The Pagliarelli Prison, officially the casa circondariale "Antonio Lorusso", is a prison in the Pagliarelli neighbourhood of Palermo, Sicily, Italy.

==History==
Pagliarelli was built in 1980, became operational in 1996 and it is adjacent and adjoined to the Tribunal of Palermo. The prison is situated behind the mountain ranges of Madonie and is a very large structure of reinforced concrete (RC), for both men and women, in the chief town of the island.

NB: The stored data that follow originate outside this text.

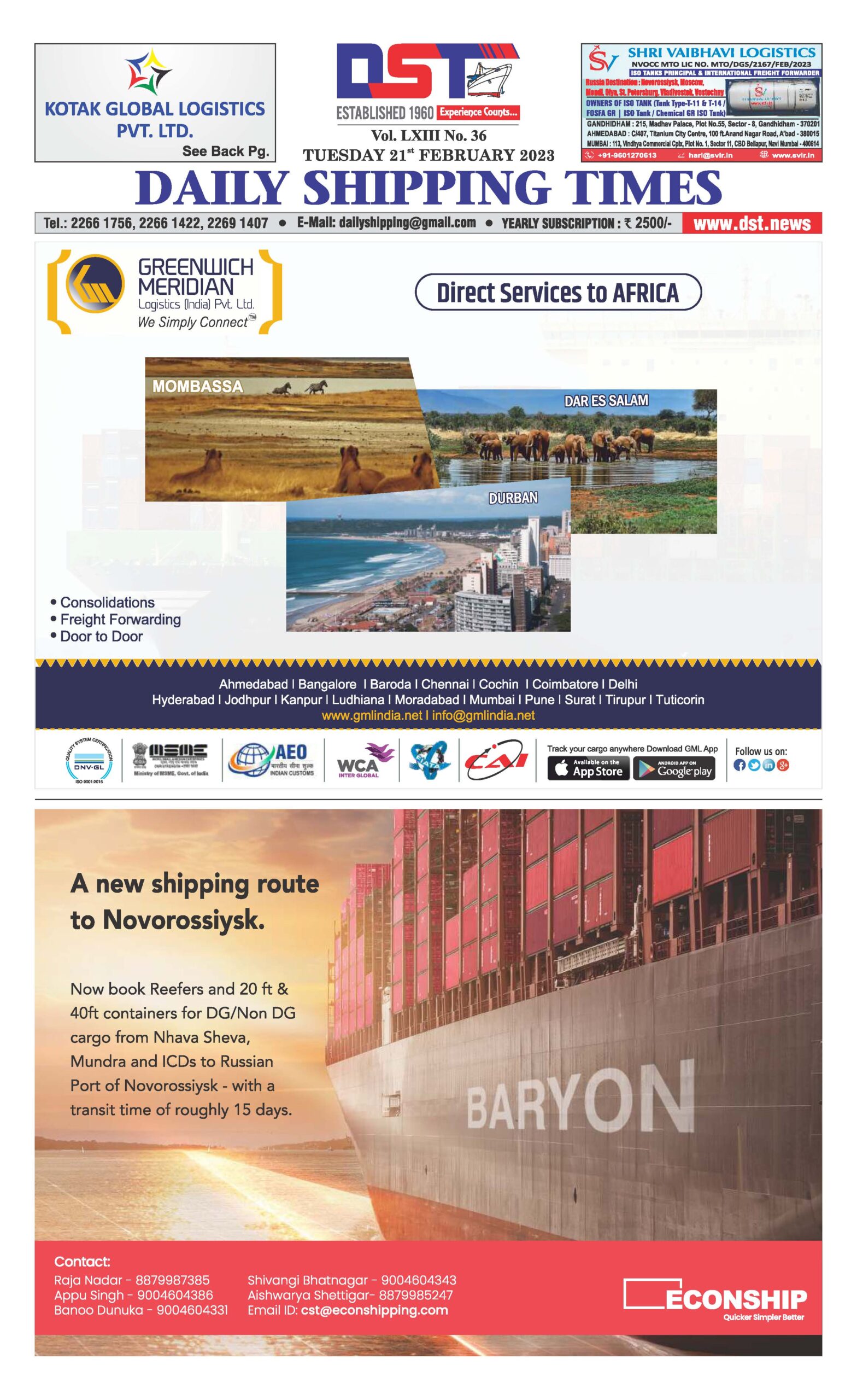Thank you for your interest in Daily Shipping Times subscription. Please check our yearly charges to subscribe to Daly Shipping Times Digital Copy. The cost includes the print edition copy in select locations as well. Kindly note, 1 subscription login can be accessed by 3 users/devices at a time. For detailed information, please feel free to contact us.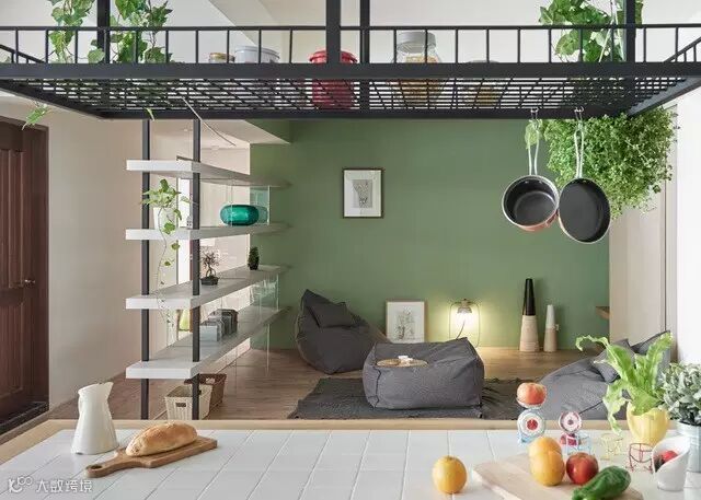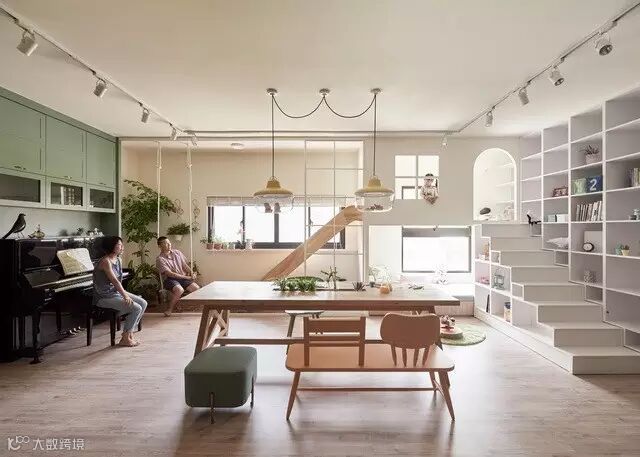 设计师利用竖向空间打造了小隔层和飘窗卡座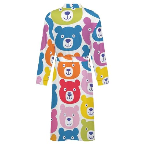 Colorful Bears Pattern gentle Robe Long Sleeve Bathrobes V Neck Sleepwear Spa Robes with Belt Men Woman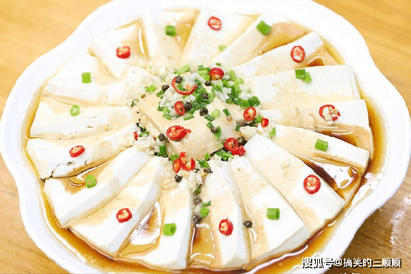 豆腐蒸好以后取出来,控出里面的汁水,均匀淋上调好的料汁,撒上葱花、蒜末、小米椒,再加几粒青花椒,等待激油。

Pagliarelli is divided into 8 departments: Scirocco (Maestrale and Libeccio), South (or “Mari”: Tirreno, Adriatico and Ionio), and Est (or “Pianeti”: Marte, Plutone and Giove) with a total of almost one thousand inmates. Some rules of the institute seem to be very punitive as regards improper and prohibited behaviours.

In June 2015, an Albanian was discovered (and filmed by cameras) just in time during a jailbreak, and just after was killed by the owner of the house he was robbing.

==The prison today==
Pagliarelli is a maximum security prison holding prisoners from all over Italy. Moreover, Pagliarelli is a local prison, accepting different categories of prisoners and from different countries, especially from Romania and Tunisia. In addition the establishment serves the Tribunal, the Judiciary of Surveillance (Ufficio di Sorveglianza) and UEPE.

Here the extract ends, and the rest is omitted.